Тогда Бирон почувствовал сам неловкость своего положения. Повторить своих слов ему не хотелось, а между тем не хотелось и отпустить старика в таком виде, что он может считать себя обиженным. Он решился вывернуться из этого положения лакейской фамильярностью. Подойдя к Ушакову, он взял его шляпу и проговорил:
— Идём завтракать, Ушаков; успокой герцогиню, скажи, что ничего особого нет, и всё спокойно.
Но спокойно не было.
— До чего мы дожили? — говорил Аргамаков, поручик Преображенского полка. — Позор! Всё русское царство на позор отдали! Лучше бы сам заколол себя, а не допустил бы до такого стыда нашего. И хоть бы жилы из меня тянуть стали, я говорить это не перестану.

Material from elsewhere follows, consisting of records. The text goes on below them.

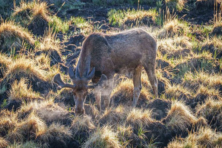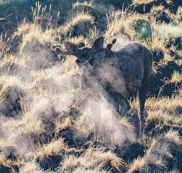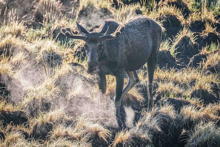 Skręcam na zachód w drogę #285 w kierunku miasteczka Fairplay. W porannej mgle dostrzegam pasącego się na mokradłach wielkiego łosia….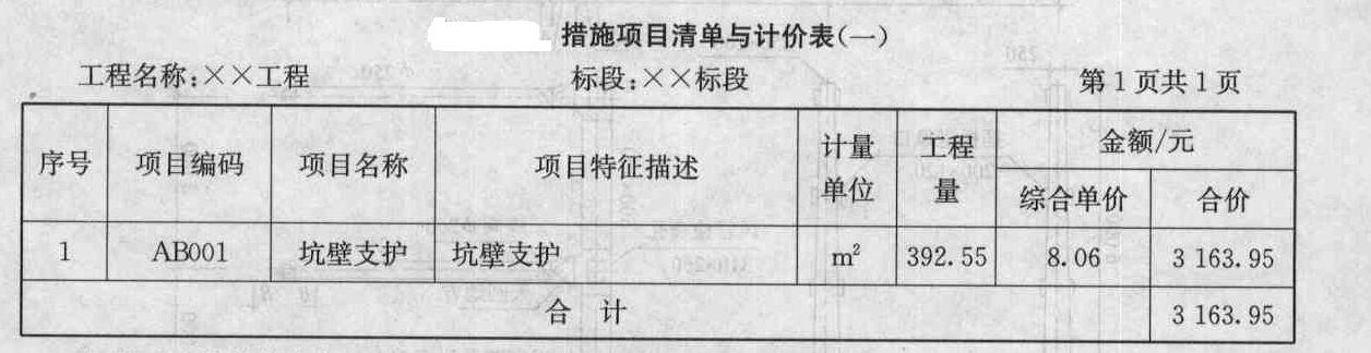 参考答案(1)填写措施项目清单与计价表(一)、(二),见表。 注:坑壁支护综合单价=7.39×(1+5%+4%)元/平方米=8.08元/平方米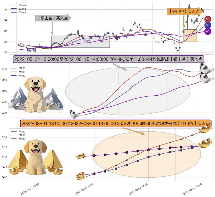 ⚀ 2022-08-01 14:00:00-小时至2022-08-09 13:00:00-小时显现 20小时-30小时-60小时均线 【金山谷】买入点 其再次确认了买入信号,可靠性更强,买入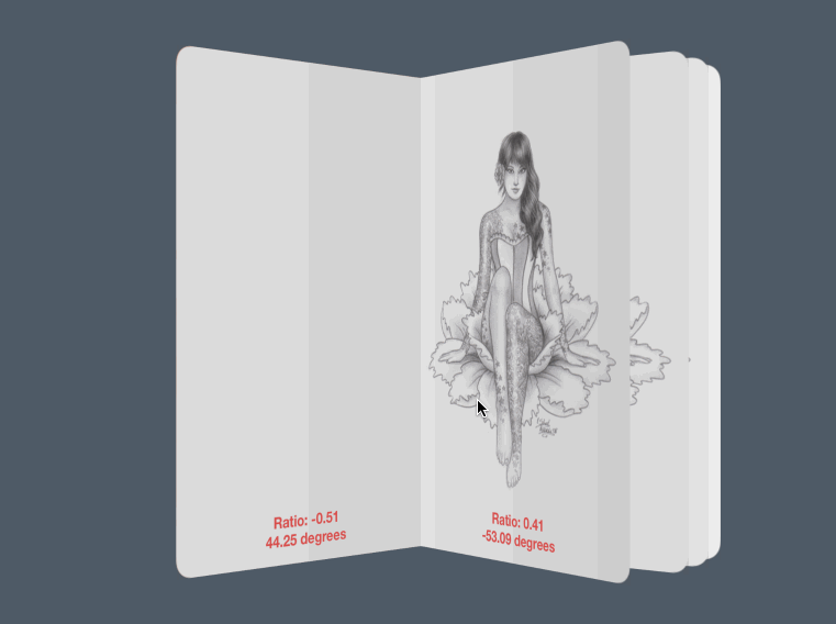 算出書頁的頁碼——記住,書是雙面的。 除以2就是你真正在翻讀的那一頁。 算出書頁的打開度。注意,這個值被我們加了一個權重。 書頁的打開度必須限制在-0.5到0.5之間。另外乘以0.1的作用,是為位了在頁與頁之間增加一條細縫,以表示它們是上下疊放在一起的。一旦我們計算出書頁的打開度,我們就可以將之轉變為旋轉的角度。

На другой день Ушаков и тянул у него жилы, спрашивая у него, когда тот висел уже на дыбе, кто его подучал да с кем говорил. Аргамаков молчал.
С спокойной, даже как бы с соболезнующей улыбкой Ушаков приказал дать ему встряску и три удара. И когда в страшных болях в вывернутых руках, в нервных судорогах Аргамаков застонал, то Ушаков спросил опять:
— Говори, любезный Аргамаков, не мучь ни себя, ни нас; зачем ты говорил, когда тебя никто не подучал и ты ни для кого не старался?